Dave, as always, you give good advice.  I'm not going to risk my WSM.  I'll just spend the cash and buy a dedicated fire pit.


----------



## turnandburn (Sep 19, 2013)

kryinggame said:


> Dave, as always, you give good advice.  I'm not going to risk my WSM.  I'll just spend the cash and buy a dedicated fire pit.

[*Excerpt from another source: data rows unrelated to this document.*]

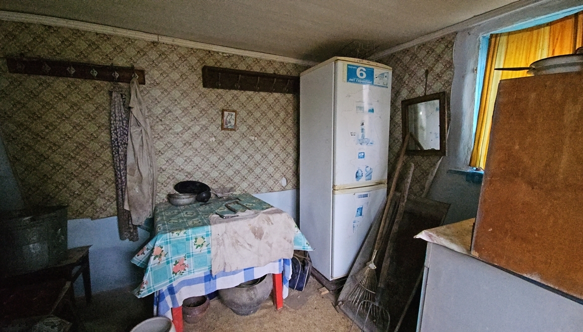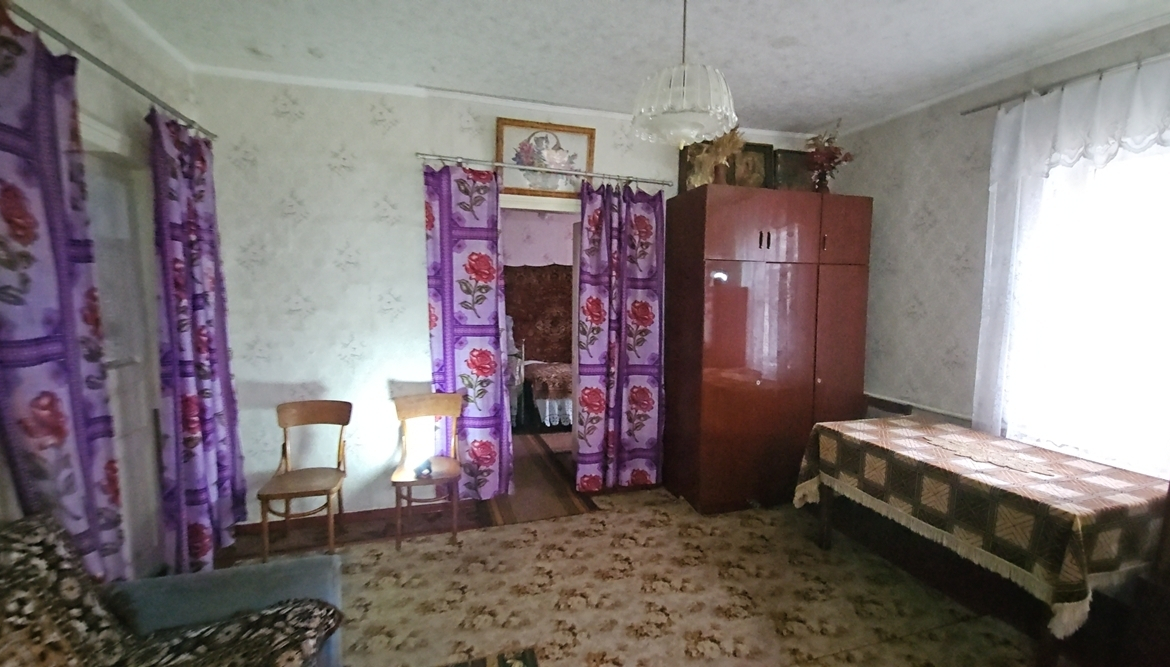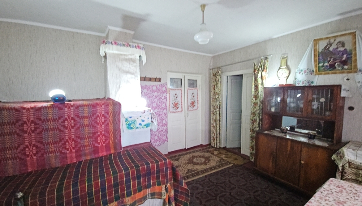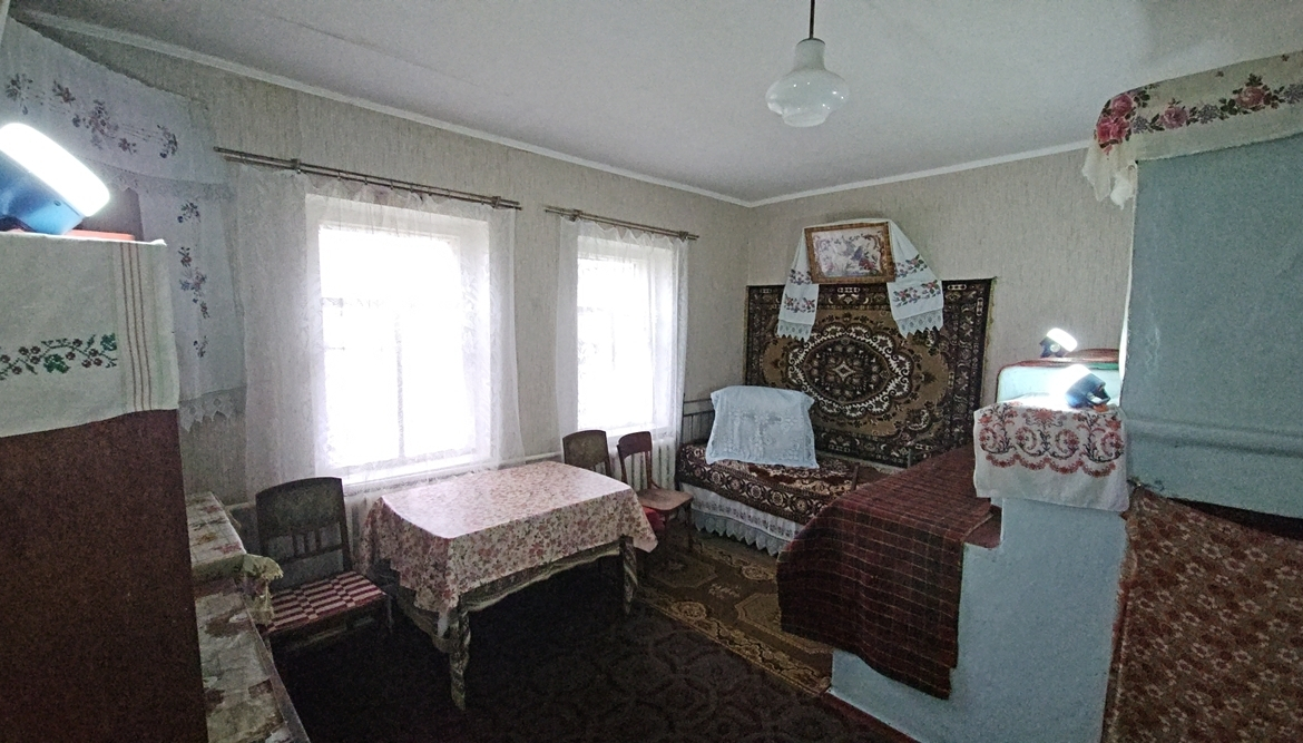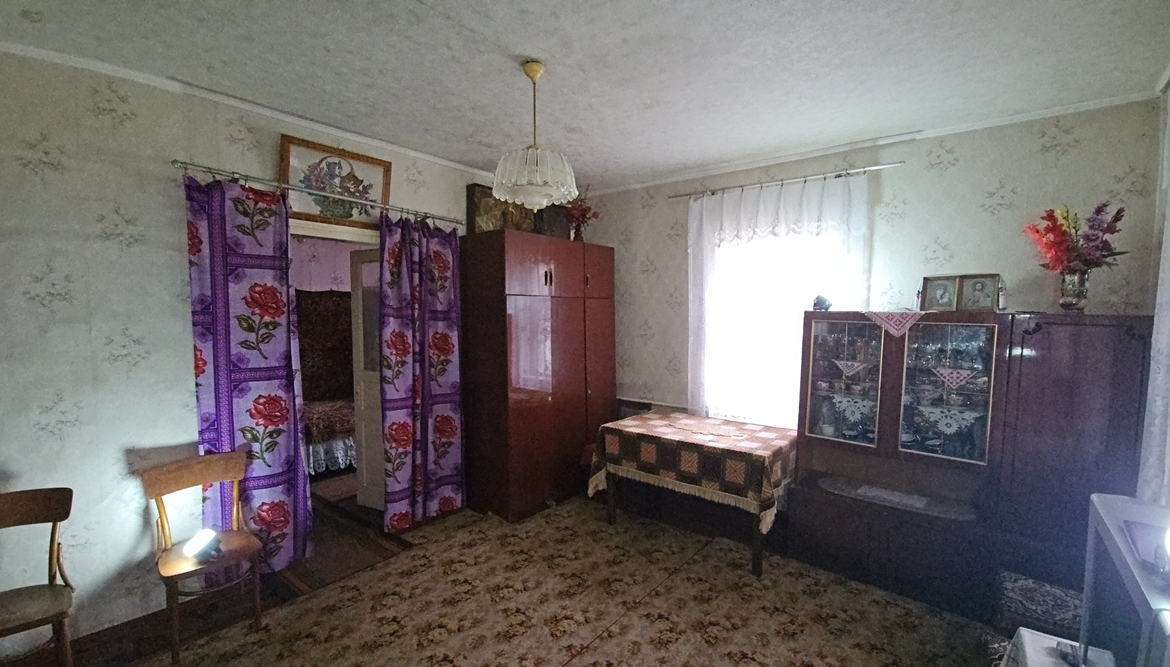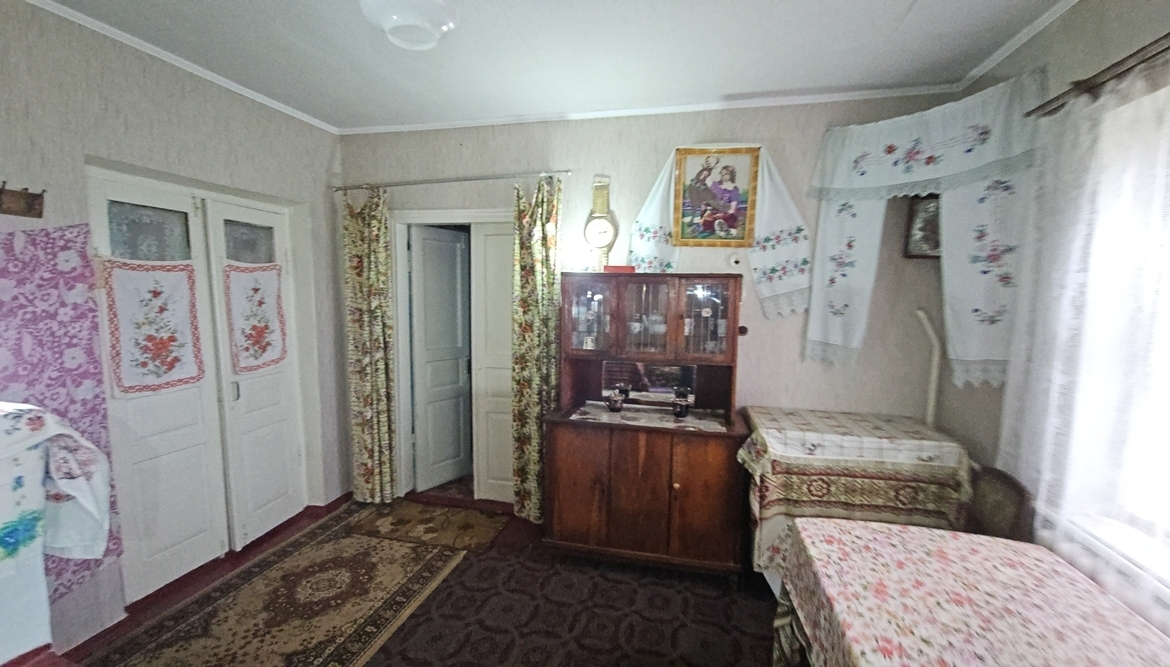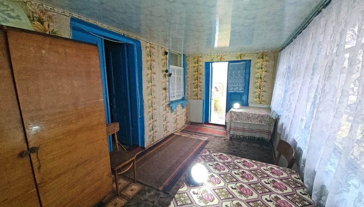 В будинку розташовані: прибудована (у 1996 р.) холодна веранда, сіни з виходом на горище, кухня (газова плита, парапетний газовий котел, холодильник), кімната з діючою піччю та грубою, прохідна зала та ще одна кімната зі скринею. Підлога – дерево, стіни – шпалери.
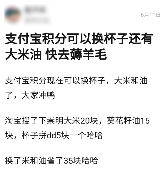 支付宝积分也能换米面油,这下又省了一笔钱。
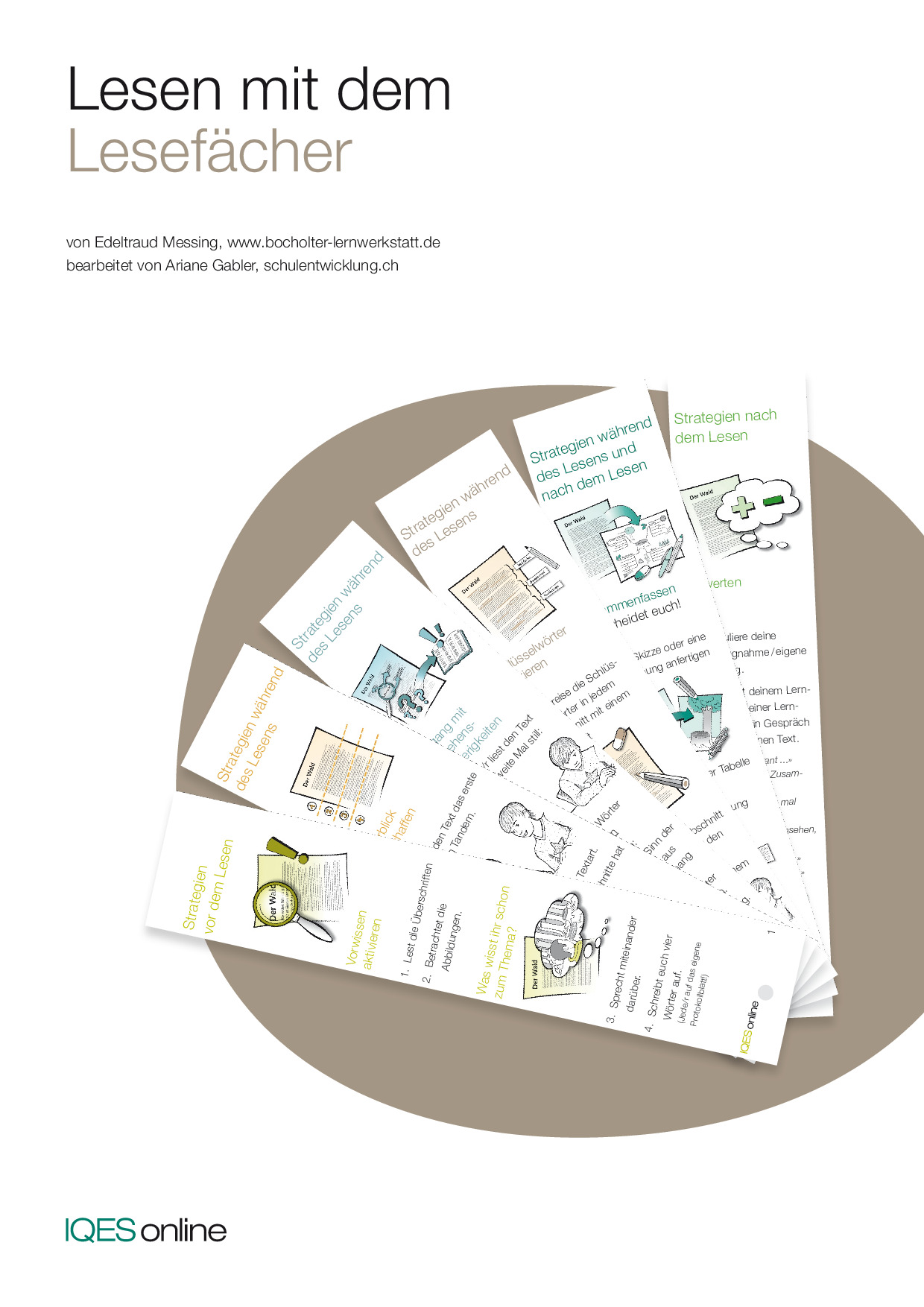 Der Lesefächer, ein praktisches Instrument, um insbesondere schwächere Leser:innen zum sinnerfassenden Lesen zu führen und dieses in Partnerarbeit zu trainieren. Der Leseprozess wird in drei Phasen strukturiert: vor dem Lesen – während des Lesens – nach dem Lesen. Dabei werden die wichtigsten Lesestrategien aufgegriffen.
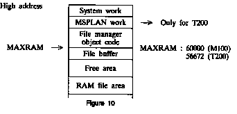 FLOPPY itself is not the main body of the file manager, but the initial check and boot module. Though it has no extension, its construction is a .CO file. The object of the file manager is invisible. Once you install FLOPPY by running the IPL program, a part of the high memory is occupied and the MAXRAM value is decreased to protect FLOPPY. Some application programs that use the high memory will not work or will violate FLOPPY. If you want to erase FLOPPY , use the utility program FREMEM.BA stored on the system diskette. See Utilities.
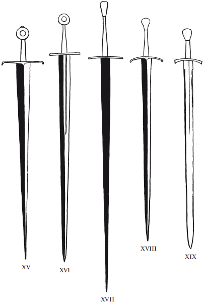 Таким образом, в два последних столетия Средних веков фактически появилось четыре основных типа мечей, хотя благодаря иллюстрациям создается впечатление, что их было великое множество; возможно, это связано с появлением новых стилей исполнения навершия и крестовины и множества декоративных элементов, добавленных как к новым, так и к старинным изделиям. В XV в. рукояти мечей начали снабжать дополнительными гардами; в последней его четверти и до конца XVI в. у многих клинков из Испании и Италии (где эти дополнения были наиболее популярны) рукояти уже были слишком сложны в исполнении. Этот момент мы рассмотрим отдельно позже.
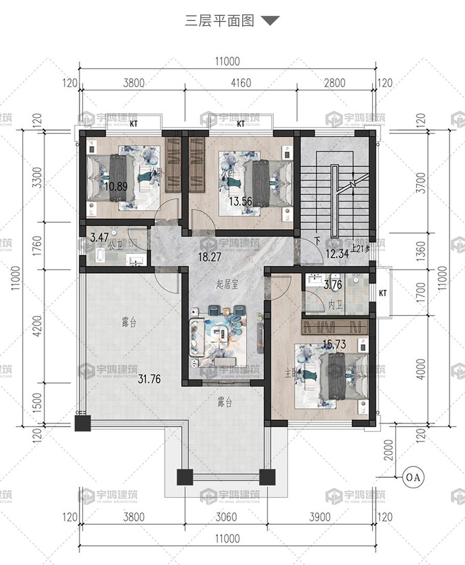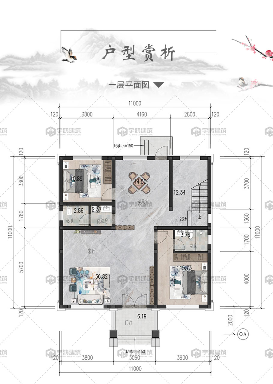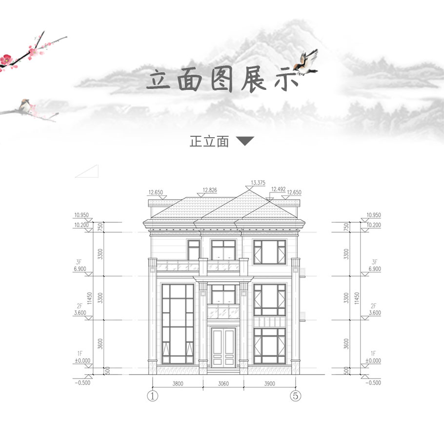 占地127平三層新中式別墅磚混結構自建別墅圖紙
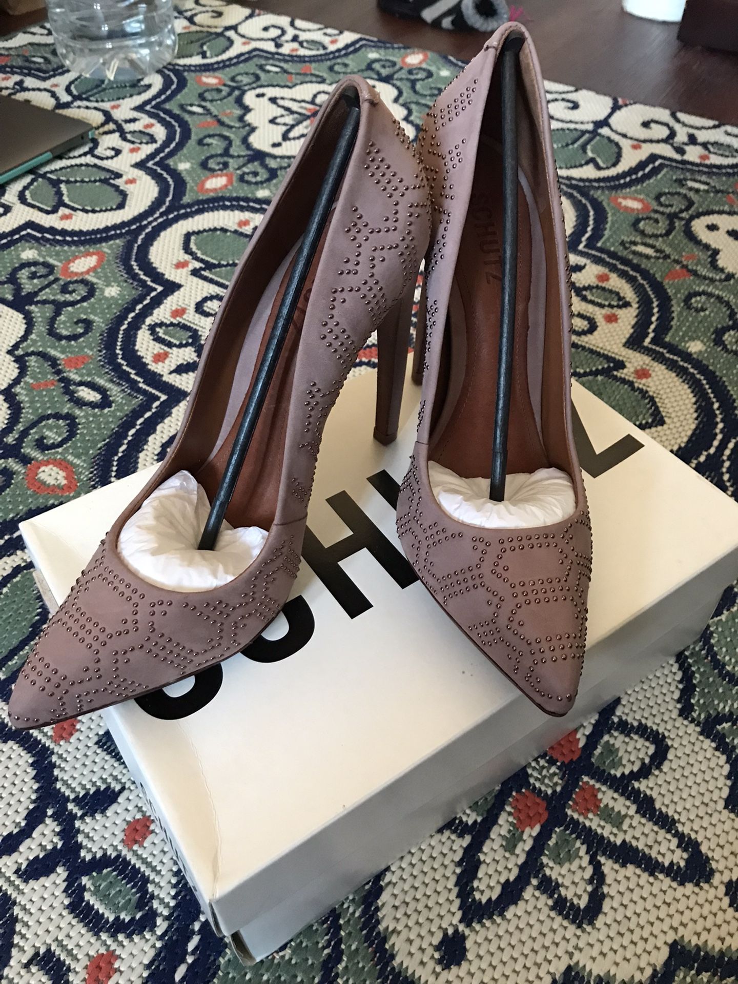 SCHUTZ Carlita Pumps in mauve size 10 Nubuck upper, leather lining, leather sole Imported Pointed toe; studs at top; floating mini-platform 4" heel Bought from Bloomingdale’s. Brand New with dust bag #studs #pump #mauve #bloomingdales
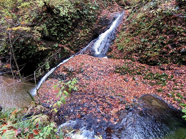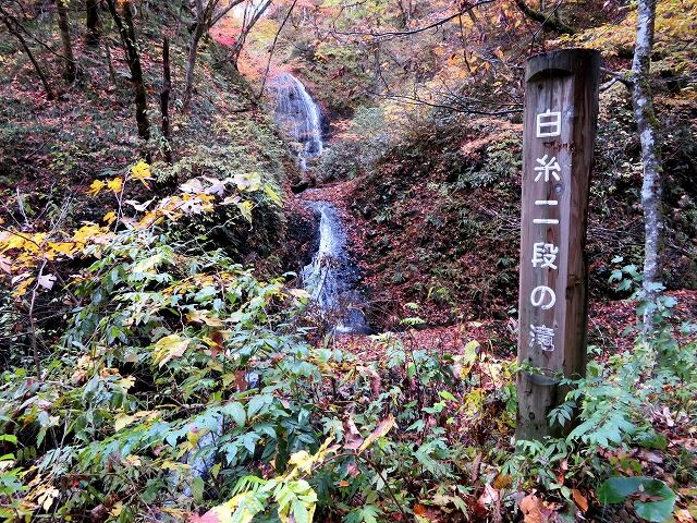 ちなみに峨瓏の滝(峨瓏大滝親水公園)の案内板には「(前略)…滝上流の渓谷には、白糸二段の滝と呼ばれる滝があります。峨瓏の滝駐車場から高山登山滝の沢コースに続く未舗装の道をたどれば滝に行くことができます。そこまで徒歩30分。」とありますが、個人的には30分もかかりませんでした。そもそも峨瓏の滝が気軽過ぎるんです。峨瓏峡隧道から白糸二段の滝までは3~4分です。
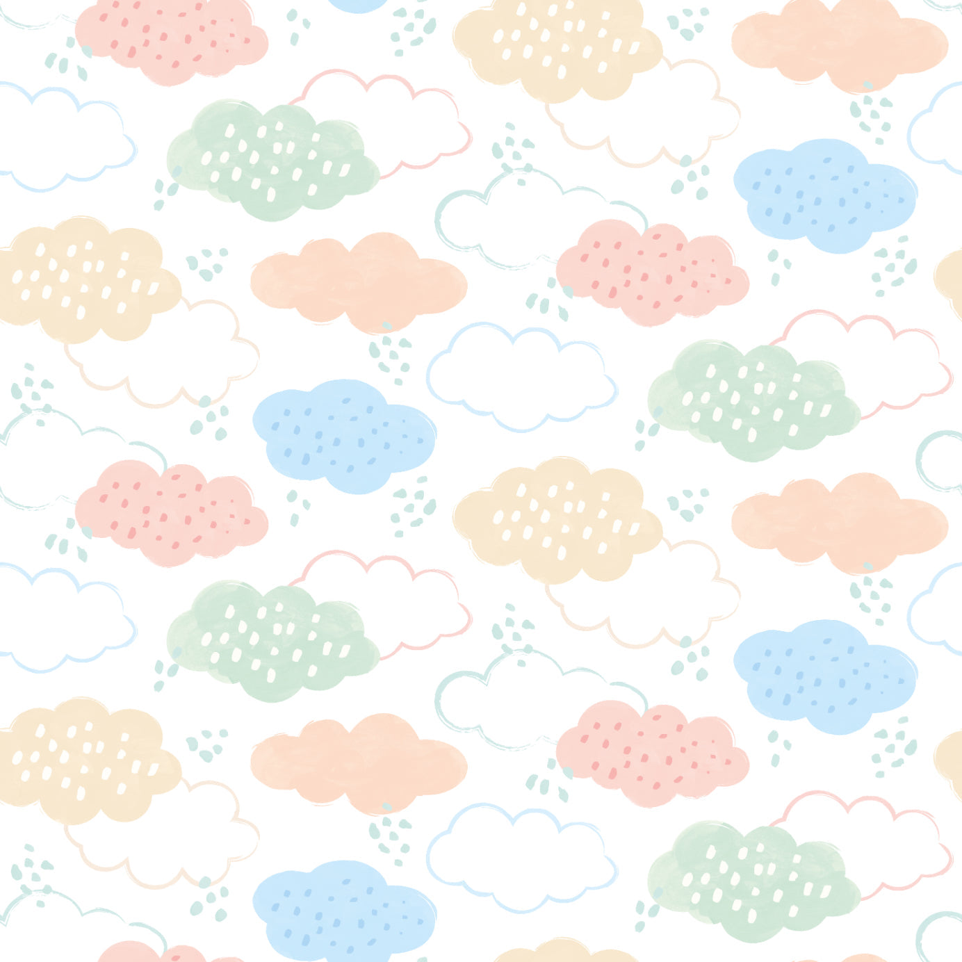 The image features a serene watercolour sky, filled with soft, billowing clouds that float gracefully across a light pastel backdrop. Scattered throughout, playful dots evoke the gentle fall of raindrops or distant stars, contributing to a dreamy and whimsical atmosphere. The soothing blend of gentle pinks and pale hues brings to mind a peaceful dusk, offering a touch of calm and creativity to your little one’s favourite spaces.
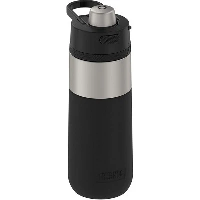 The Thermos 18 oz. Guardian Stainless Steel Vacuum Insulated Water Bottle keeps you in the game. Drinks stay cold for up to 14 hours and features an easy-grip silicone sleeve. Equipped with a hygienic covered spout, locking cap and carry handle, this bottle has you completely covered from uphill hikes to downtown treks. You can even keep track of your daily intake thanks to the rotating hydration meter! Dishwasher safe. Please Note: Not for use with hot liquids.
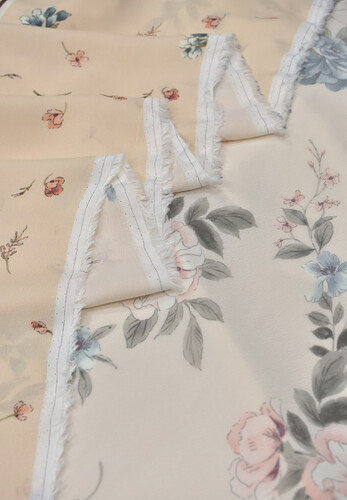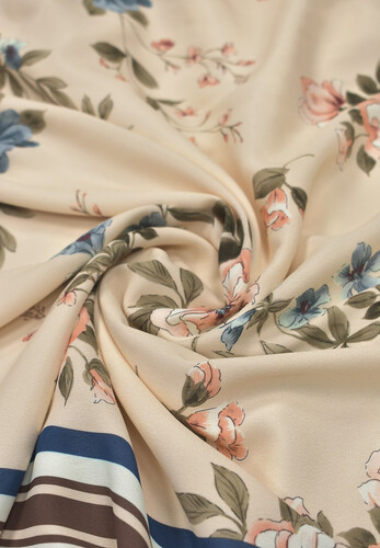 Плательная вискоза с цветочным принтом в сочетании персикового и синего цветов! Ткань с минимальным просветом, с контрастным рисунком, приятная на ощупь. Ткань подойдет для пошива блузки, сарафана, платья. Стильный принт, гармоничные тона. Ткань для Вашего удовольствия и Ваших творений!

or make one out of a washer tumbler barrel...you can find em on CL all the time. ppl gut out washer machines and keep the barrels for fire pits. have a few legs welded on to it..and boom..fire pit status!..also doubles as a place to pre burn wood for adding coals to smoker. win win!


----------



## dougmays (Sep 19, 2013)

Yea i wouldn't risk damaging my WSM bottom either. The highest temp you might have in the bowl of the WSM is around 300 degrees and that's slow burning coal...not open flame. Also backyard fires can get much hotter then 300-400 degrees so you run the risk getting it to hot and making it break down faster.

Home depot sells nice looking coper firepits, i have one, for aroiund $100...its great and lasts forever!


----------



## turnandburn (Sep 19, 2013)

sent you a PM with some links to some fire pits for pretty cheap in your area.


----------



## kryinggame (Sep 19, 2013)

Thanks gang. 

TurnandBurn, I appreciate the links.  The only problem is, those three are pretty far out from me.  I actually saw a nice one for about $100 at Walmart.


----------



## turnandburn (Sep 19, 2013)

kryinggame said:


> Thanks gang.
> 
> 
> 
> TurnandBurn, I appreciate the links.  The only problem is, those three are pretty far out from me.  I actually saw a nice one for about $100 at Walmart.



just trying to give ya a general idea...stuff is out there..just gotta go get it. lol. im a craigslist hound..if its needed i can find it..lol.


----------



## kryinggame (Sep 19, 2013)

TurnandBurn said:


> kryinggame said:
> 
> 
> > Thanks gang.
> ...


Funny, about a year ago, I was searching Craiglist pretty hard for a WSM.  Someone in the area was selling one but it was extremely dirty and rusted.  Dude wanted $250 for it. That's shocking but that's the free enterprise.


----------



## turnandburn (Sep 19, 2013)

kryinggame said:


> Funny, about a year ago, I was searching Craiglist pretty hard for a WSM.  Someone in the area was selling one but it was extremely dirty and rusted.  Dude wanted $250 for it. That's shocking but that's the free enterprise.



unfortunately theres some ppl who sell things on CL and think THEIR item is made of gold and worth more than what store retails for...i can tell you some stories. lol. but theres not enough beer in a day to hear em all. lol.  either way good luck with your search bud.


----------